Shibata T, DasGupta C, Cunningham R P, Radding C M
Proc Natl Acad Sci U S A. 1979 Apr;76(4):1638-42. doi: 10.1073/pnas.76.4.1638.
Purified Escherichia coli recA protein catalyzed ATP-dependent pairing of superhelical DNA and homologous single-stranded fragments. The product of the reaction: (i) was retained by nitrocellulose filters in 1.5 M NaCl/0.15 M Na citrate at pH 7, (ii) was dissociated at pH 12.3 but was not dissociated by heating at 55 degrees C for 4 min or by treatment with 0.2% sodium dodecyl sulfate and proteinase K, (iii) contained covalently closed circular double-stranded DNA (form I DNA), (iv) contained single-stranded fragments associated with replicative form (RF) DNA, and (v) contained a significant fraction of D-loops as judged by electron microscopy.
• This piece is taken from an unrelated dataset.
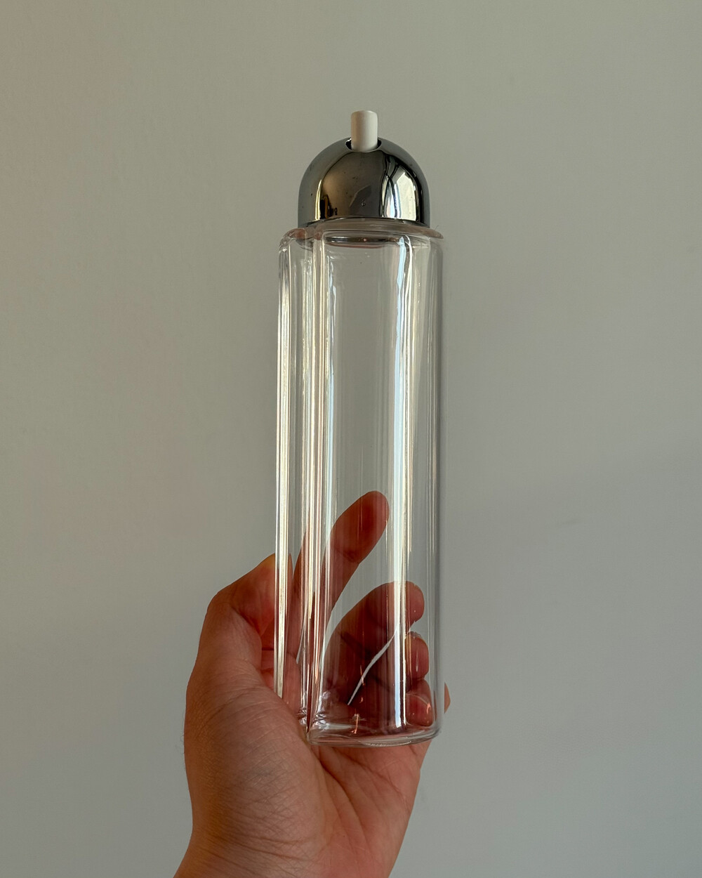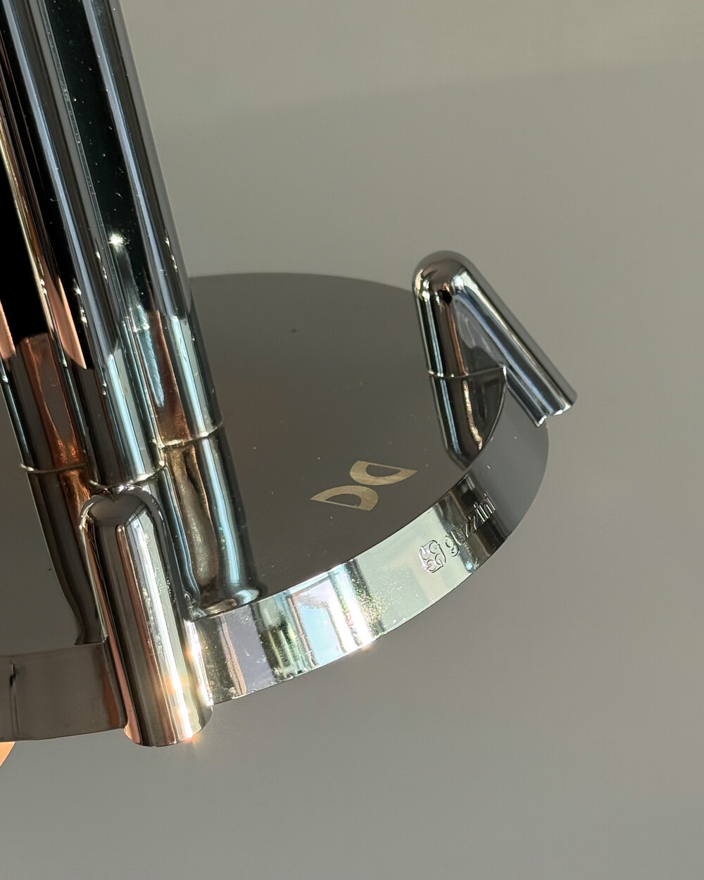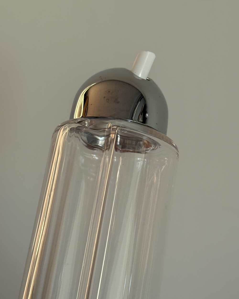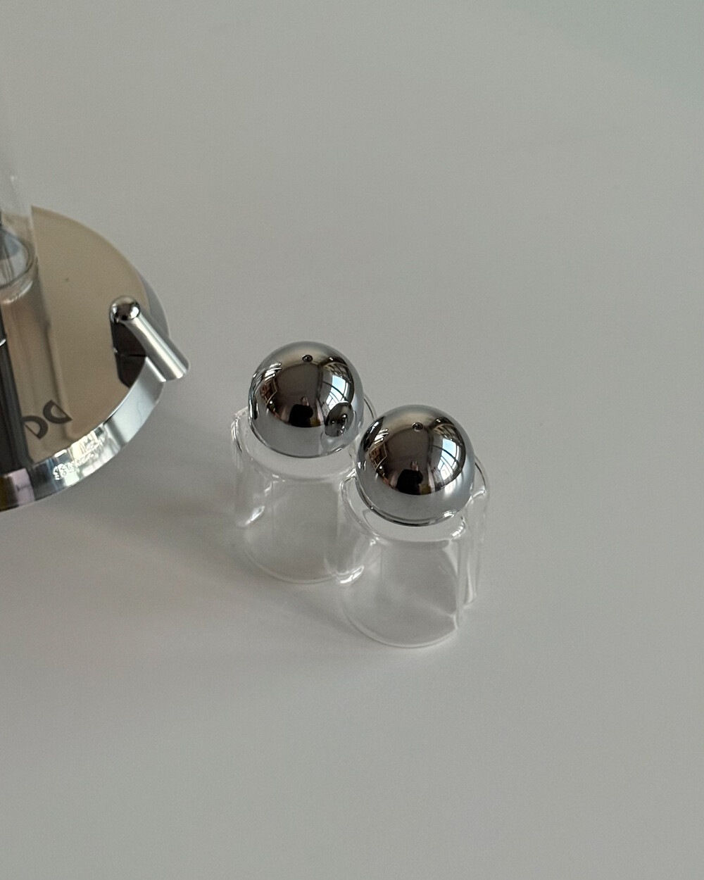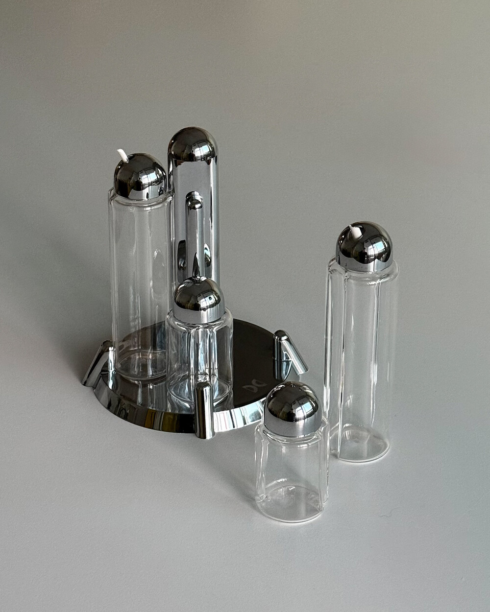 1980년대 A.Rossari에 의해 디자인된 구찌니(GUZZINI)에서 생산된 주방 크루엣 세트입니다. 구찌니는 1912년 이탈리아에서 시작된 브랜드로, 인체에 무해한 특수 고급 아크릴 제작 기술로 유명한 기업으로, 현재까지도 주방용품, 시계, 조명 등 다양한 제품을 생산해내고 있습니다. ‚룩(Look)‘ 이라는 제품명에 걸맞게 거울을 활용한 디자인으로, 구찌니 만의 모던한 디자인이 돋보이는 제품입니다. 긴 보틀 2개, 짧은 보틀 2개, 홀더 1개로 구성되어있습니다.

Linear and nicked circular double-stranded DNA did not substitute well for superhelical DNA; intact circular single-stranded DNA did not substitute well for single-stranded fragments. Homologous combinations of single-stranded fragments and superhelical DNA from phages phiX174 and fd reacted, whereas heterologous combinations did not. The reaction required high concentrations of protein and MgCl2. The ATPase activity of purified recA protein was more than 98% dependent on the addition of single-stranded DNA. In 1 mM MgCl2, the ability of superhelical DNA to support the ATPase activity was two-thirds as good as that of single-stranded DNA.
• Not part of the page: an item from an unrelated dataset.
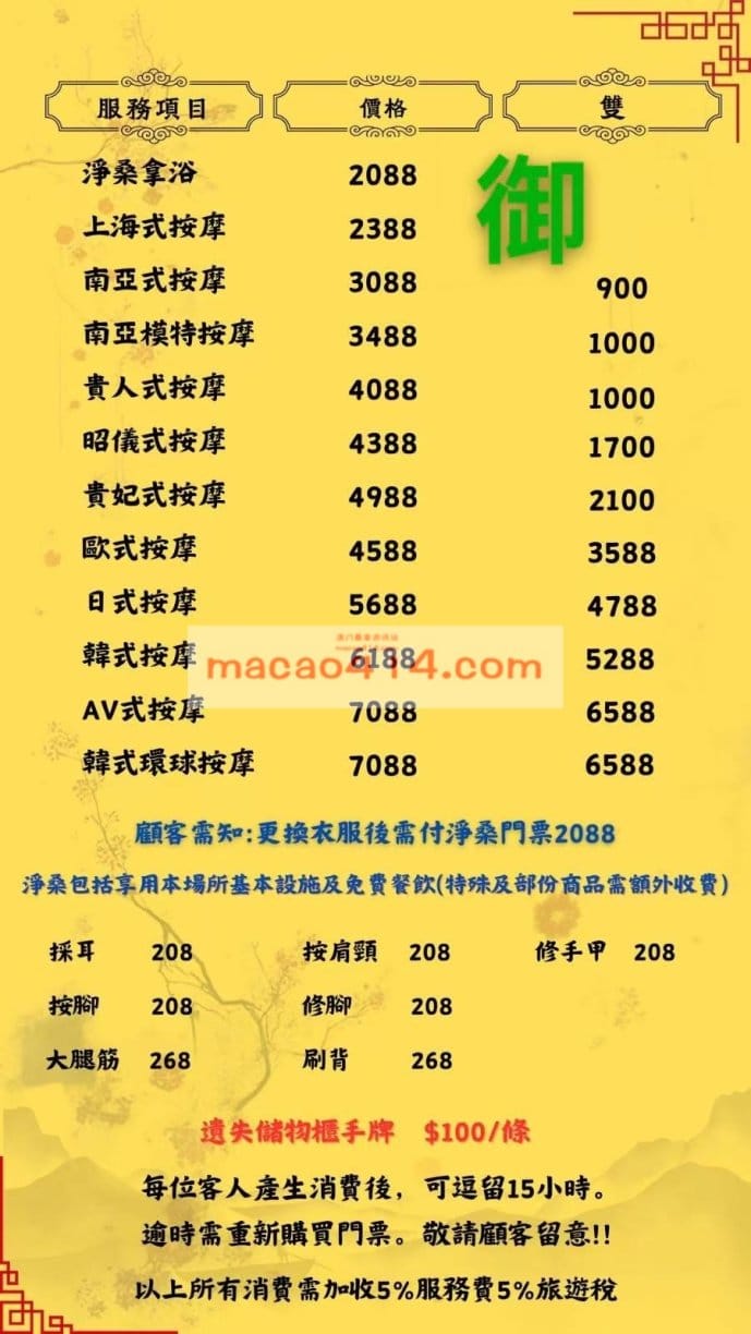 淨桑費(門票)1888 可以任用裡面設施,吃飯過夜(15小時內),一般含一個師傅工。上海式,2288,正規按摩 60分鐘。南亞式,3288,東南亞國籍女子服務60分鐘。南亞模特兒, 3688,東南亞國籍女子服務60分鐘,一般比南亞式漂亮點高一點。貴人式, 3888, 國人女子服務60分鐘。昭儀式, 4188, 國人,一般高一點,主觀比貴人漂亮點。貴妃式 ,4788, 一般這種理論國人天花板。 歐式, 4388,特指白種友人 多數是東歐,日式,5488, 一般是日籍,會說日語的,韓國, 5988,一般是韓籍,會說韓文的,av式,7288, 四線女優和長得特別好看的日籍,環球式,7288,頂尖韓裔。

纯化的大肠杆菌recA蛋白催化超螺旋DNA与同源单链片段的ATP依赖性配对。反应产物:(i) 在pH 7的1.5 M NaCl/0.15 M柠檬酸钠中可被硝酸纤维素滤膜保留,(ii) 在pH 12.3时解离,但在55℃加热4分钟或用0.2%十二烷基硫酸钠和蛋白酶K处理时不解离,(iii) 包含共价闭合环状双链DNA(I型DNA),(iv) 包含与复制型(RF)DNA相关的单链片段,(v) 通过电子显微镜判断含有相当一部分D环。线性和带切口的环状双链DNA不能很好地替代超螺旋DNA;完整的环状单链DNA不能很好地替代单链片段。来自噬菌体φX174和fd的单链片段与超螺旋DNA的同源组合发生反应,而异源组合则不发生反应。该反应需要高浓度的蛋白质和MgCl2。纯化的recA蛋白的ATP酶活性超过98%依赖于单链DNA的添加。在1 mM MgCl2中,超螺旋DNA支持ATP酶活性的能力是单链DNA的三分之二。